— Господи, наконец-то. Ну и работу вы мне задали — никак не мог вас добудиться. Вы всегда так крепко спите?
— В чем дело? — недовольно спросил я, все еще в полудреме. — Что-нибудь с пароходом?
— Я думаю, вам лучше знать, в чем дело, — сухо ответил моряк. — Специальный приказ из Военно-Морского министерства. Вы должны перейти на ожидающий вас эсминец.

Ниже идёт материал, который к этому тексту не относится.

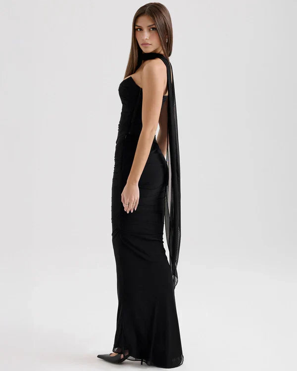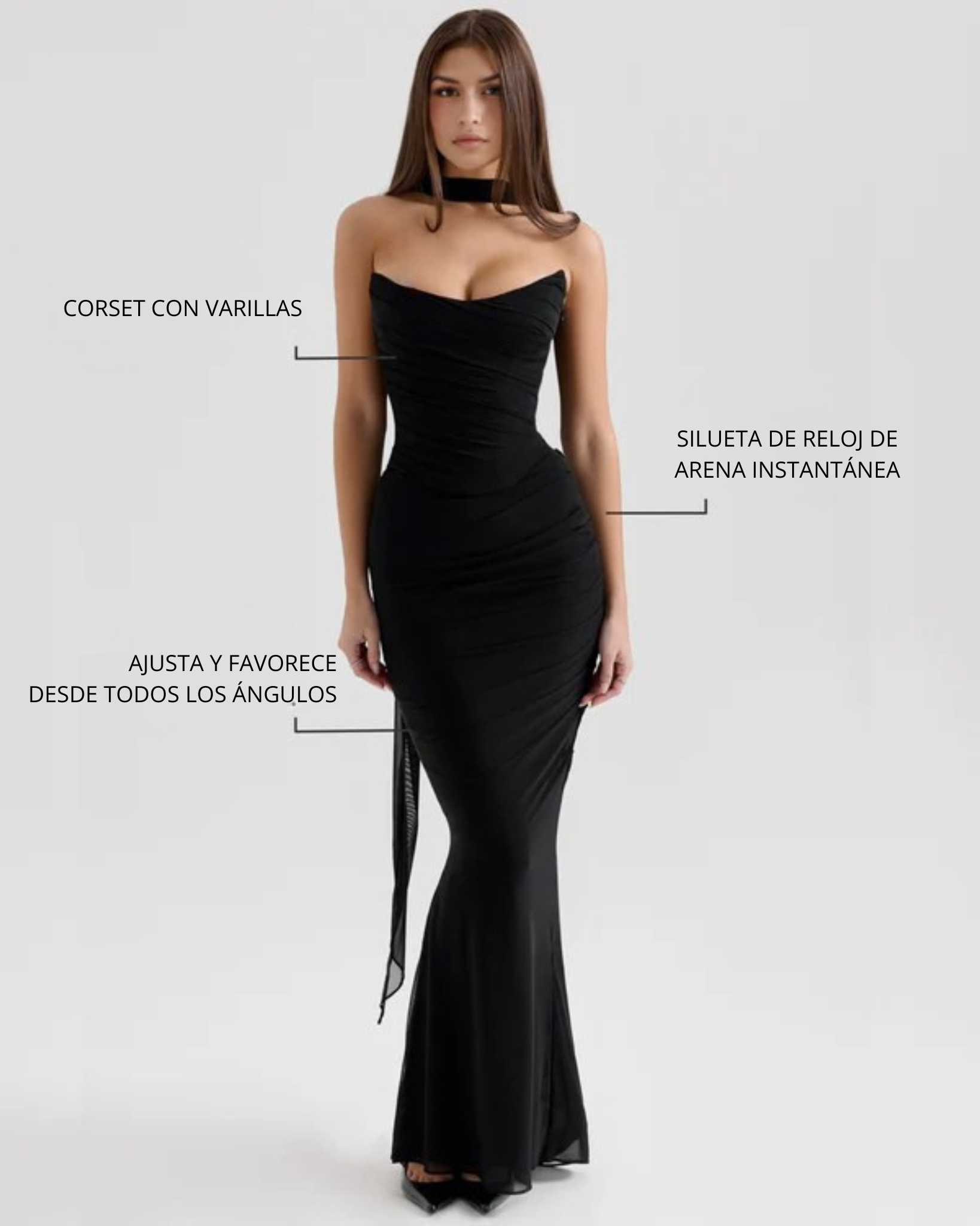 Nuestro conjunto «Malu» reinterpreta la silueta clásica de malla en un diseño moderno de tres piezas: corsé, falda maxi y bufanda a juego. Confeccionado en suave malla elástica, combina la estructura romántica del corsé con la fluidez de la falda fruncida de talle medio y cremallera lateral oculta. La bufanda ligera añade un toque versátil y elegante para un look sofisticado y atemporal.
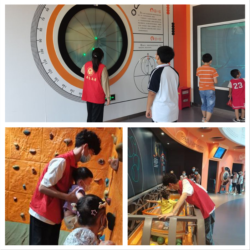 此次活动志愿者来自于2019、2020、2021级不同专业。志愿者们结合自己所学,发挥自身专业优势,开展科普讲解,在互动中向参观者解释科技馆里各种特色展项所蕴含的科学知识。面对参观的小朋友,志愿者们也是“有一手”。他们通过有趣互动,介绍项目操作方法,并指导小朋友们亲自体验过程,让他们感受到科技的魅力。

— В открытом океане? — ахнул я.
— Я и сам ничего не понимаю, — ответил штурман. — Впрочем, мне и не положено понимать. Прислали какого-то молодого человека, который должен занять ваше место, а нам приказано молчать. Так мы вас ждем?
Еле скрыв свое изумление, я оделся.
Спустили за борт шлюпку, и я был доставлен на ожидавший меня эсминец. Там меня радушно приняли, но ничего не объяснили. Сказали только, что командир корабля получил приказ доставить меня в определенное место на бельгийском побережье.
Дальше все происходило как во сне. Я даже не пытался возражать, решив, что все это тоже входит в планы моего покойного друга.
Высадили меня в указанном месте. Там уже ожидала машина, и вскоре я кружил по дорогам Фландрии. Заночевал в какой-то маленькой гостинице в Брюсселе, а утром следующего дня двинулись дальше. Поля и равнины сменились горами, кое-где появились небольшие леса, и я понял, что мы приближаемся к Арденнам. Неожиданно я вспомнил, как Пуаро однажды рассказывал мне о своем брате, который живет неподалеку от Спа.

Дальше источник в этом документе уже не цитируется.